YOYO-AI/ZYH-LLM-Qwen2.5-14B-V3
ZYH-LLM-Qwen2.5-14B-V3 is a 14.8 billion parameter language model developed by YOYO-AI, built upon the Qwen2.5 architecture with a notable 131072 token context length. This third-generation model in the ZYH-LLM series utilizes extensive model merging techniques to create a powerful and unified base. It is specifically optimized for instruction following and complex reasoning, achieving the highest IFEval score among 14B models as of February 25, 2025, making it suitable for tasks requiring precise adherence to instructions and advanced problem-solving.
Loading preview...
ZYH-LLM-Qwen2.5-14B-V3 Overview
ZYH-LLM-Qwen2.5-14B-V3 is the third iteration in the ZYH-LLM series by YOYO-AI, a 14.8 billion parameter model based on the Qwen2.5 architecture. This model is distinguished by its advanced model merging techniques, designed to create a highly unified and powerful foundation for further fine-tuning and development.
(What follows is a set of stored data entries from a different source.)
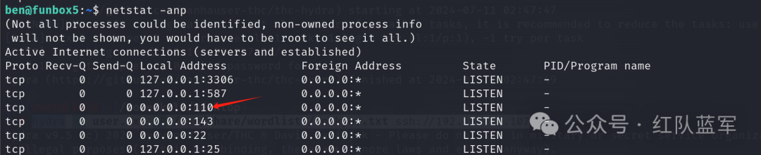 查看后台监听端口
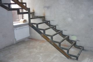Tout d'abord, un cadre métallique est créé.En le fixant, vous pouvez installer les escaliers. Si la base de la maison est en béton, les supports inférieurs des limons peuvent y être montés directement. Les filets sont constitués de coins et les kosoura sont constitués de profilés métalliques à section carrée. Les marches sont reliées à la base par soudage.
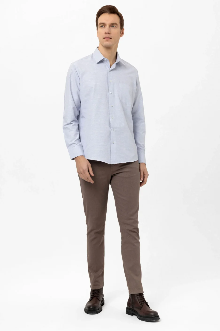 Рубашка с уголками, регулярный крой, армированная, 60% хлопок, 40% полиэстер, классический воротник, классический карман, цвет: ледяной синий
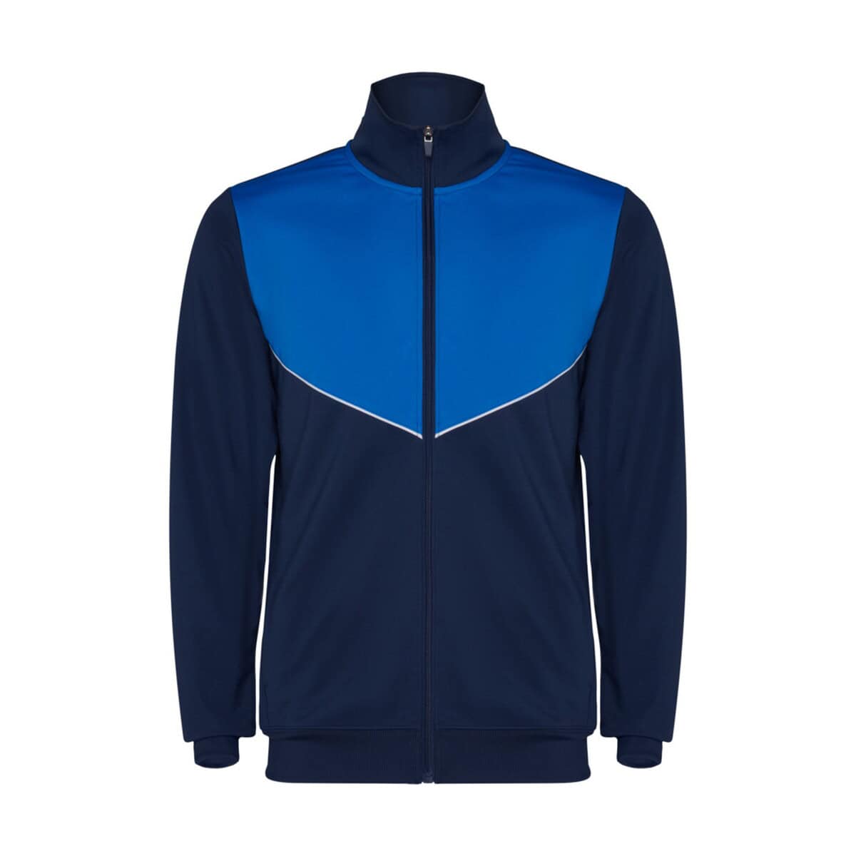 Kurtka została uszyta z lekkiej dzianiny Interlock 100% poliester o gramaturze 225 g/m², a cały komplet waży jedynie 444 g, co gwarantuje wyjątkową wygodę podczas biegania, tańczenia czy treningów piłkarskich. Kontrastowe przeszycia na klatce piersiowej oraz wysoki kołnierz z zamkiem błyskawicznym nadają sportowego charakteru, a elastyczne ściągacze 2×2 w mankietach i pasie dbają o perfekcyjne dopasowanie. Spodnie wyposażono w gumkę w pasie z regulującym sznurkiem, boczny panel wykończony lamówką i praktyczny zamek na dole nogawek, co ułatwia zakładanie butów. Paleta barw obejmuje dynamiczny niebieski, uniwersalną czerń oraz elegancką biel, więc łatwo dobierzesz kolor współgrający z identyfikacją wizualną marki.

It boasts an impressive 131072 token context length, enabling it to process and understand extensive inputs.
Key Capabilities
- Superior Instruction Following: As of February 25, 2025, it holds the highest IFEval (0-Shot) score (85.78) among 14B models, indicating exceptional ability to understand and execute complex instructions.
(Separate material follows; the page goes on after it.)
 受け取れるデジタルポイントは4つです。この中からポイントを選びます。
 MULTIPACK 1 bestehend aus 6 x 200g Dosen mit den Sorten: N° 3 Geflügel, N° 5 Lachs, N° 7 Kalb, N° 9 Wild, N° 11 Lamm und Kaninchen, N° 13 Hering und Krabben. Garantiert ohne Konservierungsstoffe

- Robust Reasoning: Demonstrates strong performance in reasoning tasks, with a BBH (3-Shot) score of 48.18 and MATH Lvl 5 (4-Shot) score of 52.72.
- Unified Architecture: Developed through a multi-stage model merging process, integrating various Qwen2.5-14B variants and other models like EVA-Qwen2.5-14B-v0.2, arcee-ai/Virtuoso-Small-v2, and Azure99/Blossom-V6-14B.
Good for
- Applications requiring high-fidelity instruction adherence and complex task execution.
- Use cases demanding strong reasoning capabilities across diverse domains.
- Developers looking for a powerful and unified 14B base model for further specialized fine-tuning or merging experiments.